Crushed23 · 26/12/2025 18:29

Iris2020 · 26/12/2025 17:33

I know several women who got pregnant with IUDs. Those seem.to be really ineffective.

They’re actually very, very effective. More so than condoms or the pill.

Mumsntfan1 · 26/12/2025 18:35

FlorenceAndTheSewingMachine · 26/12/2025 17:37

I have 6 children work only 1 being planned.
My first was due to me not taking my pill properly
2nd was planned
3rd I'm sure I was talking the pill properly
4th no idea how he was conceived
5th was on the pill
6th was on the pill and husband was told he was infertile due to chemotherapy.

According to my gynecologist I'm extremely fertile.

With #4 did an angel appear?

ActiveTiger · 26/12/2025 18:36

Actually totally agree because no doctor told me on 4 weeks of antibiotics that the pill would stop working effectively after 10 years of no kids. After having covid I became even more ill so was given intravenous antibiotics for a week then sent home on tablet ones for 3 weeks..Hey presto we now have twins, no we were not trying the past 10 years of pill success shows it. Neither was it an accident it was a failure in the pill working and not being informed that may happen

Jellybunny56 · 26/12/2025 18:38

It depends what you class as “accidental” really, and what contraception is being used.
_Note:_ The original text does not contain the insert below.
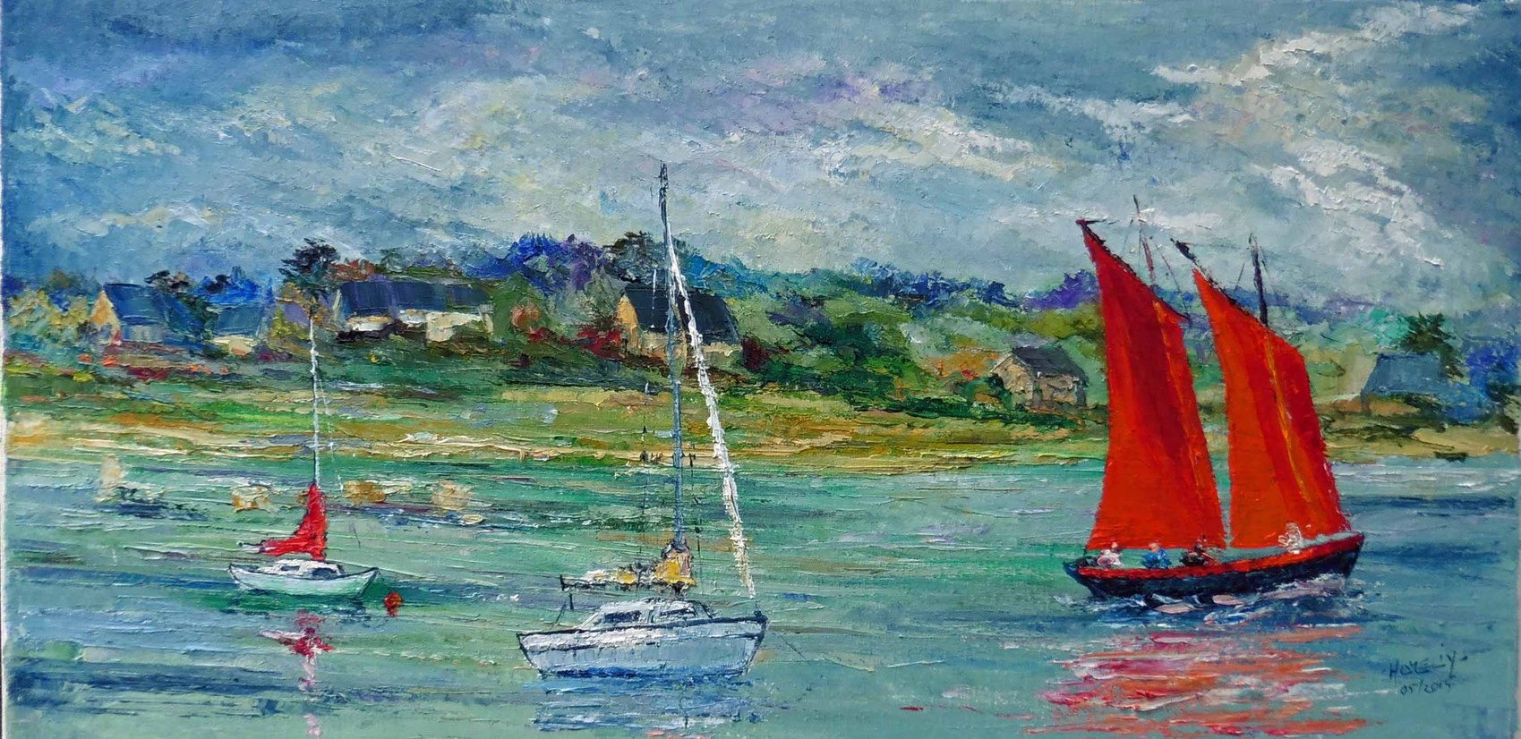 Huile sur toile travaillée au couteau, œuvre unique 40x80 cm. Dans le golfe du Morbihan, un sinago slalom entre les voilier s, étendant sa voile rouge dans un ciel encombré. Disponible

An “accidental” pregnancy if a woman is not on birth control, a man doesn’t use a condom, relying on the pull out method is a lot more likely than an “accidental” pregnancy where a woman is on the pill and a man is using a condom.

If I really didn’t want a pregnancy I would never rely on just a condom because even in my own experience my husband and I have had more than one just randomly split/break, so where you definitely don’t want a baby you double up with contraception on both sides and an accident is far less likely.

Livpool · 26/12/2025 18:41

Gallivant · 26/12/2025 17:10

..which is why access to the morning after pill and safe, legal abortion is such a blessing for women who don't want to have children.

Accidental pregnancy - perhaps. Accidentally bearing a child? Nope.